Other developments have been made in this space, and one such technique is difference hash (dHash), which computes the difference between adjacent pixels in an image. Other hashing algorithms include pHash, wavelet hash, etc. Using these techniques might improve the accuracy of the engine.

The current implementation works fine, scanning and comparing against each image is good enough for ~1k images. But it definitely won’t scale.

As the size of the database grows, the time it takes to compare the input image’s ahash to all the hashes in the database can become a bottleneck. BK trees could be a good fit in this space, as we’re dealing with distances.

A BK tree is a data structure that is used to store a set of items in a way that allows for efficient searching. For this project, a BK tree could be used to store the perceptual hashes of a set of images. The tree is constructed in such a way that images with similar perceptual hashes are stored close to each other in the tree.
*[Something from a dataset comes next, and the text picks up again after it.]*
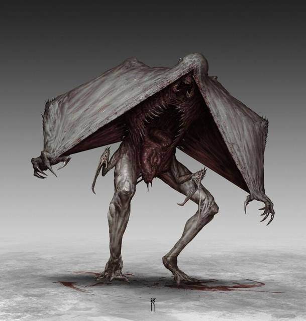 Добравшись до тела, он привстал на ногах, разводя руки в стороны. За ними зонтом потянулась натянутая серая кожа. Она снялась почти со всего тела, обнажив ранее сокрытое. Нутро существа, его грудная клетка и торс, с человеческими ничего общего не имели. Конструкция из мышц, длинных игольчатых зубов, костей и отростков разверзлась подобно пасти. Внутри отсутствовала пищеварительная система, как и нижняя челюсть, замененная мандибулами. А оставшиеся еще органы покрывали пленки, предотвращающие повреждения и соприкосновение с тем, что обычно попадало внутрь.
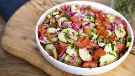 2. Put the onion, cucumbers, and tomatoes in a large bowl and season with salt and pepper.

To search for an image in the BK tree, we traverse the tree and compare the distance of the query image hash to the hashes in the nodes. This approach significantly reduces the number of hash comparisons that need to be performed, resulting in faster search times.

Conclusion

This was a fun project overall; got to learn things like perceptual hashing and efficient searching techniques. The next step is to add multiple hashing algorithms like dHash, pHash and improve the search performance by using BK-trees.

You can check out the project at github.com/burntcarrot/hashsearch.